Comparison of continuous-time random walk and fractional order calculus models in characterizing breast lesions using histogram analysis
View abstract on PubMed
Summary
This summary is machine-generated.The diffusion coefficient parameter showed superior diagnostic performance in distinguishing benign from malignant breast lesions compared to spatial and temporal heterogeneity parameters. Whole-tumor histogram analysis aids in breast lesion characterization.
Area Of Science
- Radiology
- Medical Imaging
- Oncology
Background
- Distinguishing benign from malignant breast lesions is crucial for effective patient management.
- Diffusion-weighted imaging (DWI) offers insights into tissue microstructure.
- Mathematical models and histogram analysis can enhance DWI's diagnostic capabilities.
Purpose Of The Study
- To compare the diagnostic performance of different mathematical models for DWI.
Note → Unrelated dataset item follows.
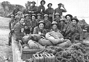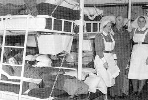 The army sisters, after training in Canada, were the first to go overseas, where they joined units which had preceded them to the United Kingdom. With the soldiers going overseas, the sisters travelled by ship in large convoys, running the perilous gauntlet of German submarine action in the North Atlantic. Upon arrival in England, they worked in the Royal Canadian Army Medical Corps’ hospitals at Taplow, Bramshott and Basingstoke. To illustrate the demands of their work, following the Dieppe raid, the hospital at Basingstoke received more than 600 casualties and in one 19 1/2 hour period, 98 operations were performed. The surgical staff took only a few minutes’ break to rest between operations.
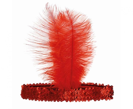 Opaska Retro - Kabaret w kolorze czerwonym to elastyczna opaska na głowę (obwód 50–60 cm) wykonana z czerwonej gumki, ozdobiona czerwonymi cekinami oraz piórem o długości 20 cm. Przeznaczona na imprezy tematyczne: wieczór panieński, karnawał, Walentynki, Halloween, sesje zdjęciowe i przyjęcia urodzinowe.

- To evaluate if spatial and temporal heterogeneity parameters offer better accuracy than diffusion coefficient in differentiating breast lesions.
- To utilize whole-tumor histogram analysis for this comparison.
Main Methods
- Retrospective analysis of 146 breast lesion cases (104 malignant, 42 benign).
- Breast MRI performed using a 3.0T scanner with simultaneous multi-slice (SMS) rs-EPI.
- Histogram metrics of apparent diffusion coefficient (ADC), continuous-time random walk (CTRW), and fractional-order calculus (FROC)-derived parameters were analyzed and compared using ROC curves.
Main Results
- The D<sub>FROC</sub>-median demonstrated the highest area under the curve (AUC) of 0.965 for distinguishing breast lesions.
- Temporal heterogeneity (α<sub>CTRW</sub>-median, AUC=0.850) showed significantly better performance than spatial heterogeneity (β<sub>CTRW</sub>-median, AUC=0.741).
- Combined CTRW parameters slightly outperformed FROC parameters (AUC=0.971 vs. 0.965), though not significantly.
Conclusions
- The diffusion coefficient parameter exhibits superior diagnostic performance over temporal and spatial heterogeneity parameters for breast lesion differentiation.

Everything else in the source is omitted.